At the outset, the research team recognized that even state-of-the-art text-to-speech
technology falls short of a recorded voice. So the system
uses prerecorded words and numbers, combining them with personal and company
names generated by TTS. To smooth transitions, the same speaker who records
the set phrases also records the phonetic dictionary -- called the voice font --
that is used to generate the TTS names.
One key innovation is a simple method for automating the creation of a voice font.
The TTS engine uses a database of 1,600 words recorded for the voice font and segments
them into phonetic units. Each unit, made up of a consonant-vowel pair, is classified
according to context, which can affect the way the sound is articulated. A syllable
may be subject to 100 or so contextual variations. Automating the creation of a voice
font reduces the time and effort involved in configuring or modifying a telephone banking
system.
In developing the new system, Saito's team overcame a common TTS problem: the distortion
that arises when phonetic units are strung together. The researchers patented a method of
connecting units so that pitch shaking and rumbling sounds are minimized. Saito says the
technique could be applied to any language in the world.

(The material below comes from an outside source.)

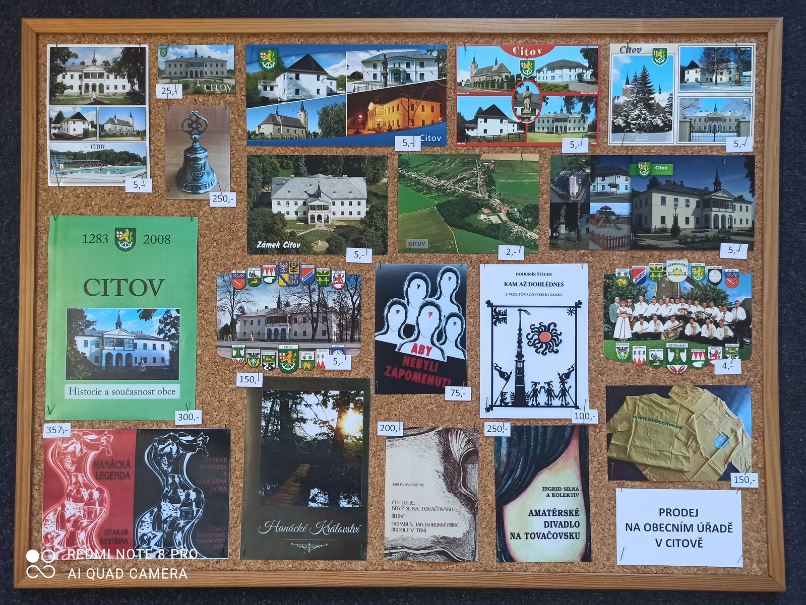Obec Citov nabízí k prodeji pohlednice obce Citov, knihy, trička a další předměty. Více informací v příloze.
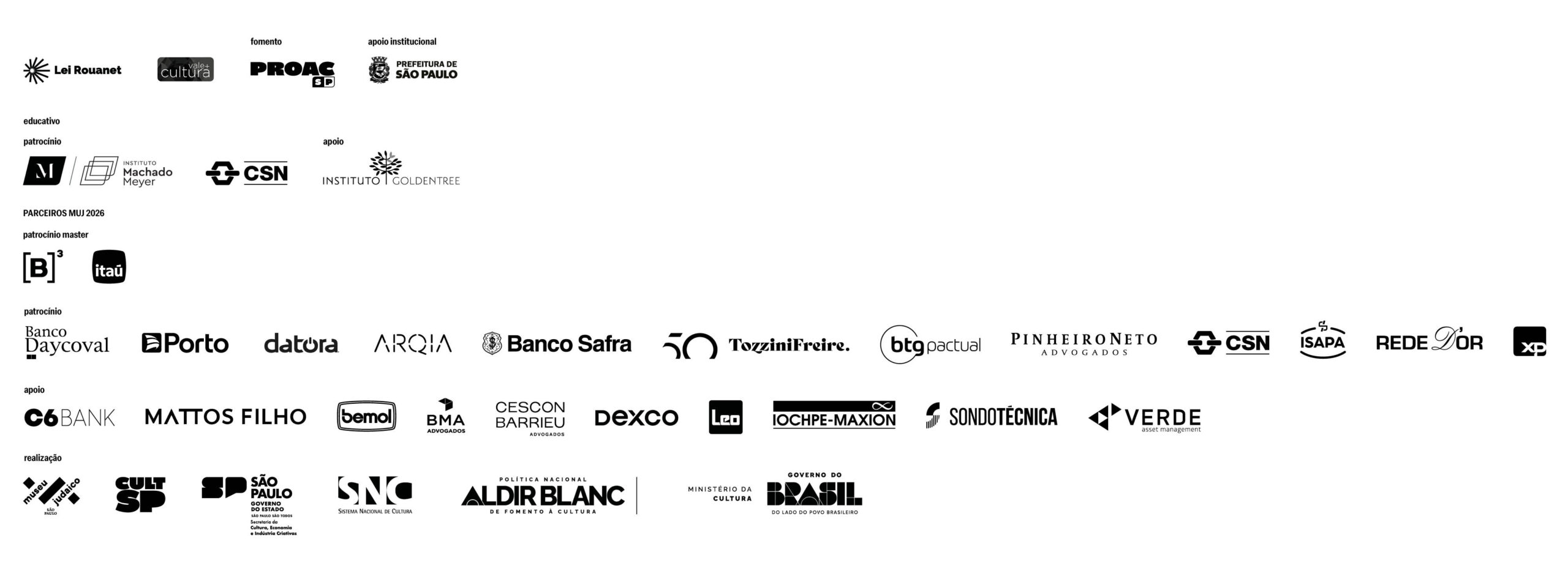 O MUJ conta com patrocinadores Pioneiros e Anuais de 2026, que apoiaram a construção e a manutenção do Museu, respectivamente. Para conhecer os patrocinadores Pioneiros clique aqui.

Another modification was optimizing the voice for the narrow, 4 kilohertz bandwidth
of telephones. The researchers also improved processing by configuring a server that
is dedicated to TTS and connected by a high-speed network to a Direct Talk/6000
call transaction handler.
The Tokyo group is working to improve the product even further. Saito says the next
step will be to refine the prosody -- the rhythm and intonation -- of TTS speech.
Within three to five years, he hopes to raise TTS quality to the point where the
recorded speech can be eliminated.
-- Dennis Normile
IBM Software + Web = Science Online
SINCE THE FIRST days of the Web, researchers and students have been frustrated by a flaw in
Web browsers: their inability to display the elegant symbols of math and science as easily as
they do regular text. Now, IBM is providing a solution in the form of the techexplorer
Hypermedia Browser -- software that displays mathematical expressions and scientific
documents in a variety of electronic media, including Web pages and CD-ROM-based textbooks.
The techexplorer software builds on the TeX and LaTeX formatting
languages used in scientific and technical publishing, and adds features such as
hypertext and multimedia. The software is also starting to support
the Mathematical Markup Language specification from the World Wide Web Consortium.
This new standard makes the creation and display of equations easier and more interactive than
is possible using plain HTML and embedded images.
The new browser is available in two versions, each offering a different level of functionality.
The Introductory Edition is a no-charge viewer that lets users read interactive documents containing
text and mathematical expressions. The commercial Professional Edition offers other features
as well, including an interface that allows users to write Java applets that interact
with techexplorer. That edition contains a search engine, supports printing and has an
extension mechanism for communicating with other applications.
IBM expects the Professional Edition to be the foundation of a new generation of interactive
textbooks and online journals. "Our goal is to introduce novel forms of interactivity into
technical and scientific documents, so that researchers and students can actually solve problems
within their Web browsers," says Bob Sutor, a research staff member and manager of the interactive
scientific publishing group at IBM's Thomas J. Watson Research Center.
The company is working with several partners to explore the possible uses
of techexplorer for education and Web-based publishing. One partner is the
NSF-funded Project Links group at Rensselaer
Polytechnic Institute in Troy, New York.
The project is developing online science courses in which undergraduates can conduct
experiments and simulations using Java applets. "Our techexplorer software provides
new ways to really explore the topics discussed in scientific documents," Sutor says.